If experimenting on one intellectually disabled person could benefit 1,000 children, would we do it? Of course not. Ethics dictate that the value of each life in and of itself cannot be superseded by its potential value to anyone else.

This applies to animals to the same extent that it does to humans. In the past, experiments were carried out on prisoners, people in concentration camps and other vulnerable groups. We’ve rightly outlawed such atrocities now, yet have failed to extend the same logic to the intelligent, sensitive animals who are languishing in laboratory cages.

Bad Science

Animal experiments aren’t just morally indefensible – they’re also flawed scientifically.

Animal experimenters often use emotive arguments to try and suggest that their archaic methods are the only way to help cure diseases. This is simply not true. In fact, the most significant trend in modern research in recent years is the recognition that animals rarely serve as good models for the human body.

Taking a healthy being of a completely different species, artificially inducing a condition that he or she would never normally contract, keeping him or her in an unnatural and stressful environment, and trying to apply the results to naturally occurring diseases in human beings is dubious at best. Physiological reactions to drugs vary enormously from species to species. Penicillin kills guinea pigs; aspirin kills cats and causes birth defects in rats, mice, guinea pigs, dogs and monkeys; and morphine, a depressant in humans, stimulates goats, cats and horses.

A recent analysis in the BMJ pointed out the lack of convincing supporting evidence to prove that animal trials benefit humans or are an effective use of resources.
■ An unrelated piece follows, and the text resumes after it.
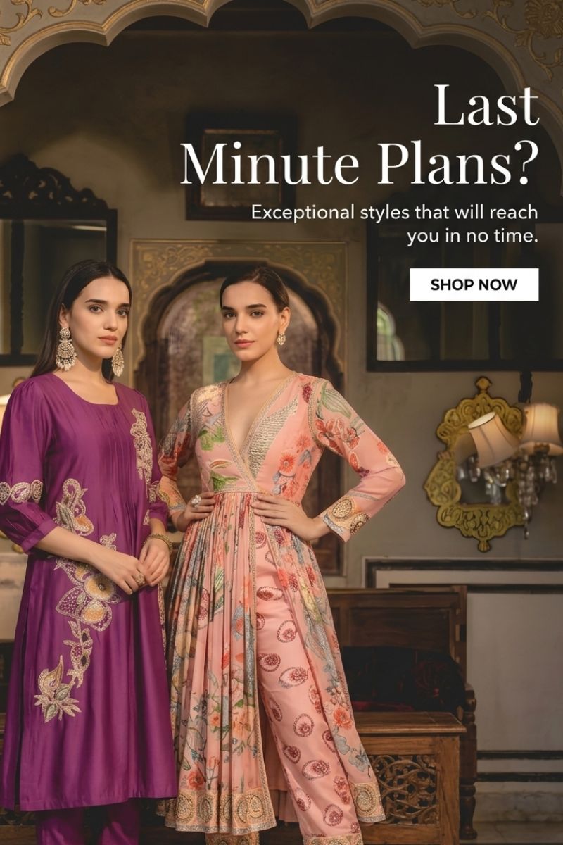 Pastel Pink Anarkali Kurta Set with Coral Print Pants & Embroidery

Selective reporting, poorly conducted studies and an unsystematic approach lead to many wasteful, costly and redundant studies. What’s more, many of the experiments carried out on animals have no bearing on serious disease at all and may be undertaken simply to satisfy curiosity, for commercial interests or to advance the careers of academics. Just a few examples include thousands of mice poisoned to death in tests for Botox, rats force-fed alcohol in order to try and develop a “hangover cure”, animals forced to smoke by tobacco companies and mice dosed with weight-loss pills. Each one of these pointless studies costs animals their lives.

There are other, better ways to develop new medicines and treatments. Human clinical and epidemiological studies, human tissue- and cell-based research methods, cadavers, sophisticated high-fidelity human patient simulators and computational models are more reliable, more precise, less expensive, and more humane than animal experiments.
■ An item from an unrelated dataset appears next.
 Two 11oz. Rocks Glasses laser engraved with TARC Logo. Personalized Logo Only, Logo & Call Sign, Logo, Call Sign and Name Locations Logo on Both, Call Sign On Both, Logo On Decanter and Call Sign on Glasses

Animal experiments don’t persist because they are the best science, they persist because of experimenters’ personal biases, vested interests and conservatism.
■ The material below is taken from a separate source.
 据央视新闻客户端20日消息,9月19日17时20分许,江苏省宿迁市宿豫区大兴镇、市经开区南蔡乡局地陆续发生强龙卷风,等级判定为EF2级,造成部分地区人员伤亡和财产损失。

“Several studies have shown that even the most promising findings from animal research often fail in human trials and are rarely adopted into clinical practice.”

– Pandora Pound and Michael Bracken, BMJ

Exposing the Cruelty

Animal testing on baby monkeysFrom the very beginning, PETA and its international affiliates have been fighting to expose and end the abuse of animals in laboratories around the world. Numerous PETA US undercover investigations have brought the cruelty to light, from the landmark Silver Spring monkeys case in 1981, to the more recent exposé of horrific maternal deprivation experiments on baby monkeys at the National Institutes of Health.

In the UK, outrageously, we’re denied the right to know what is happening to animals in laboratories, even if taxpayer money is paying for the experiments. A law – Section 24 of the Animals (Scientific Procedures) Act 1986 – allows vivisectors to hide behind a veil of secrecy and conduct cruel procedures without any public scrutiny. Not only does this violate principles of democracy, transparency and accountability, it also leads to wasteful studies that delay medical progress, which can endanger human lives.

PETA has been campaigning hard to get Section 24 repealed and, with your support, will continue to put pressure on the government to grant the public access to information about the cruel experiments being conducted in our country.